Podczas wczorajszego zjazdu PO omawiano m.in. kwestię in vitro. Ustawa regulująca zabiegi ma być przedmiotem prac Sejmu po wakacjach. Tymczasem wewnątrz PO wciąż nie ma jednolitej wizji projektu.

Na antenie Radia Zet mówił o tym Stefan Niesiołowski. Przyznał, że premier chciałby, aby partia przedstawiła jeden wspólny projekt. Tymczasem zarówno Małgorzata Kidawa-Błońska, jak i Jarosław Gowin nie zamierzają ustąpić. - Najtrudniejsze jest mrożenie zarodków. To są medyczne konsekwencje i nie wszyscy mają o tym pojęcie – powiedział poseł PO. Jak zaznaczył, "niemrożenie zarodków może oznaczać wielkie protesty" i obniżenie skuteczności metody in vitro.

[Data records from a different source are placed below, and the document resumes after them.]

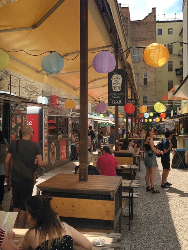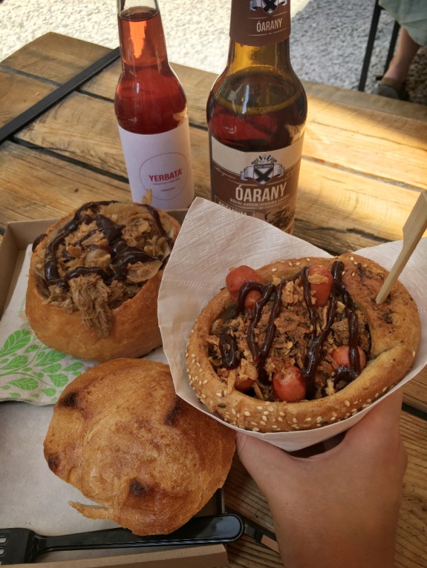 Das „KARAVÁN“ löst garantiert bei jedem Streetfood-Liebhaber direkt Schnappatmung aus, denn hierbei handelt es sich um einen permanenten Streetfood-Markt bestehend aus vielen kleinen Imbisswägen, die allerhand Leckereien servieren. Von Pulled Pork im Brotlaib über Lángos-Burger mit Hähnchen bis hin zu Chimichanga-Burritos gibt es alles, was das Herz begehrt. Auch für den süßen Zahn ist ausreichend Auswahl geboten. In der Mitte des Marktes befinden sich einige überdachte Tische, an denen man zumindest tagsüber problemlos einen Platz ergattern kann. Wir haben uns hier kurz vor unserer Abreise gestärkt und waren rundum zufrieden.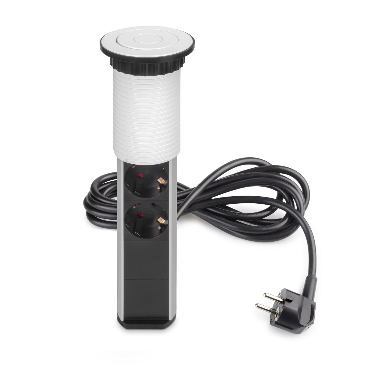 Connettore multipresa o torretta di prese estraibile, progettato per apportare funzionalità con la sua completa integrazione nell'arredo per la casa e dell'ufficio. E' pensato per essere incassato tanto nei moduli alti come in quelli bassi grazie al suo design di facile estrazione e occultazione manuale. Si adatta perfettamenteo alle scrivanie già provviste di passacavi.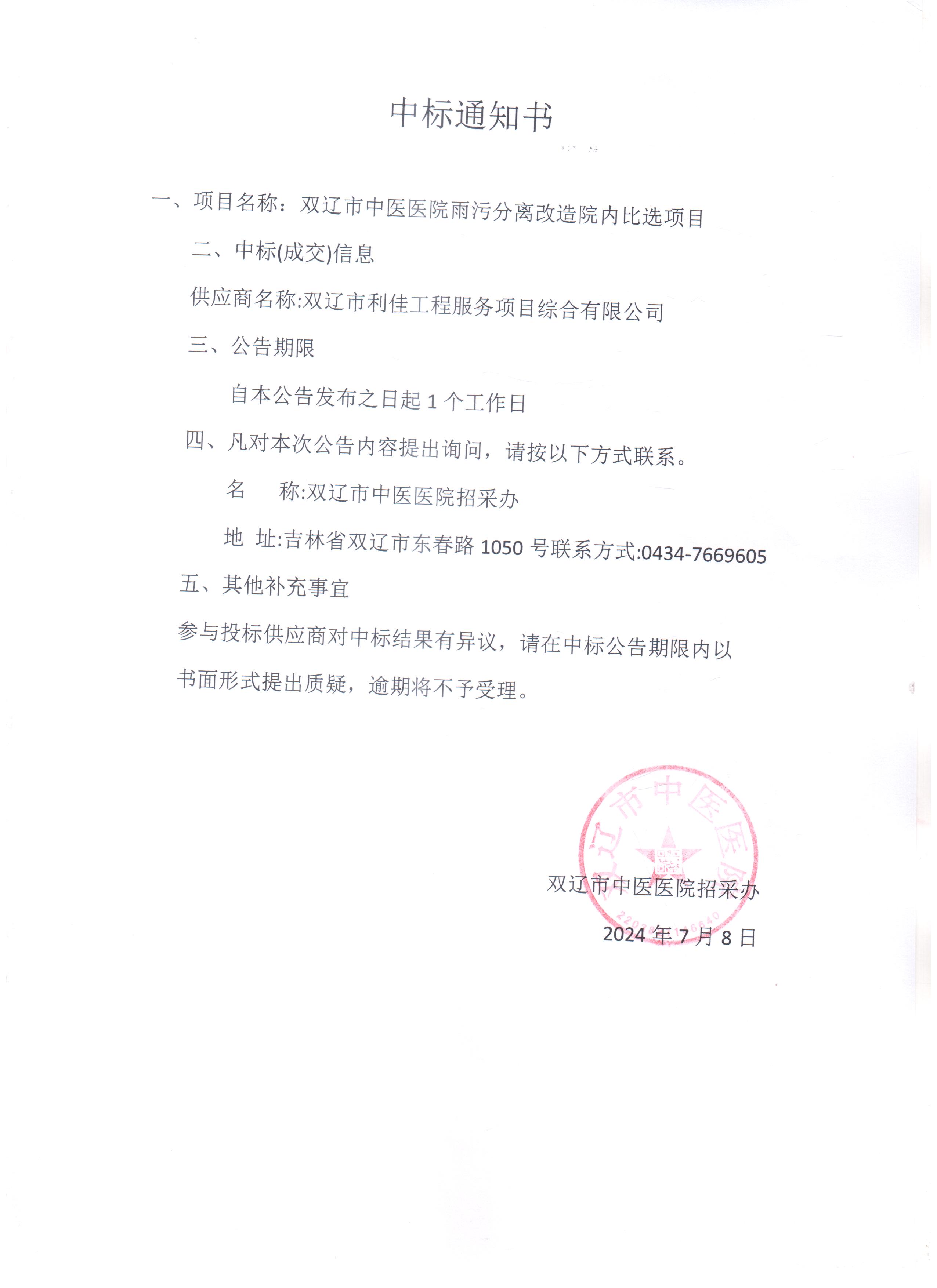 双辽市中医医院雨污分离改造中标通知书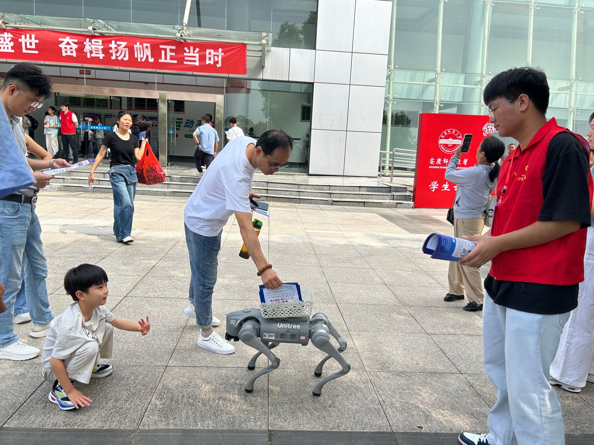 迎新期间,“IT青年先锋队”的志愿者们按照既定分工迅速投入工作,各小组协同配合,让整个报到流程既高效有序,又处处洋溢着温情。在体育馆内的报到点,第一小组志愿者化身“贴心管家”,在值班老师的指导下熟练操作人脸识别系统,精准完成新生身份验证,确保每一位新生的报到环节“零差错”;积极引导新生有序排队等候,在排队间隙与新生亲切分享大学生活注意事项,缓解新生排队的焦虑;同时,结合学院专业特色,他们还向新生普及国家安全、反诈防骗等知识,耐心解答“宿舍安排”等疑问,并指引大家前往军训服装领取点,用细致服务为新生筑牢“第一重保障”。而在体育馆外的学院服务点,第二小组志愿者则成了“暖心搬运工”,他们始终与馆内报到点保持密切联络,或看护行李,或帮忙搬运,同时热情地介绍校园布局。“IT青年先锋队”分配一部分志愿者在学校东门和西门,化身“指引灯塔”,看到拖着行李箱的新生,便主动上前问好,根据大家的需求灵活指引:若想先完成报到,则引导至体育馆,若希望先安置行李,则引导至对应宿舍,用真诚服务消除新生初入校园的陌生感。“IT青年先锋队”还组织了全流程的“机动支援兵”,他们始终保持“随时待命”的状态,报到点排队人数增多时,立刻补位引导;校门口新生集中入校时,迅速前往协助;同时,他们还协助机器狗、无人机团队开展反诈防骗宣传。

Podczas wczorajszego zjazdu Donald Tusk powiedział, że bycie członkiem partii ogranicza osobistą wolność i każdy musi się z tym pogodzić. W związku z tym zapowiedział, że w głosowaniu nad ustawą o in vitro będzie obowiązywała dyscyplina partyjna. Zdaniem serwisu natemat.pl, za jej złamanie ma obowiązywać kara - 1000 zł.

Członkowie PO są oburzeni. Hanna Gronkiewicz-Waltz miała przypomnieć premierowi, że gdy wstępowała do Platformy otrzymała obietnicę, że będzie mogła głosować zgodnie z sumieniem. Ostrzej zareagował poseł John Godson, sympatyzujący z konserwatywnym skrzydłem w PO. Zapowiedział, że jeśli dyscyplina będzie obowiązywać, on opuści partię. Za swoje wystąpienie został nagrodzony oklaskami.

Członkowie PO nie mogą się również porozumieć co do pomysłu refundowania zabiegu. Jak mówił Stefan Niesiołowski analizowane są różne scenariusze. Podkreślał jednak, że całkowite refundowanie mogłoby okazać się zbyt dużym obciążeniem dla budżetu. Poseł nie chciał mówić o jakich kwotach mówiono podczas zjazdu. Zdaniem natemat.pl z rządowych wyliczeń wynika, że gdyby refundacja miała dotyczyć wszystkich par, to koszt sięgnąłby rocznie 10 miliardów złotych.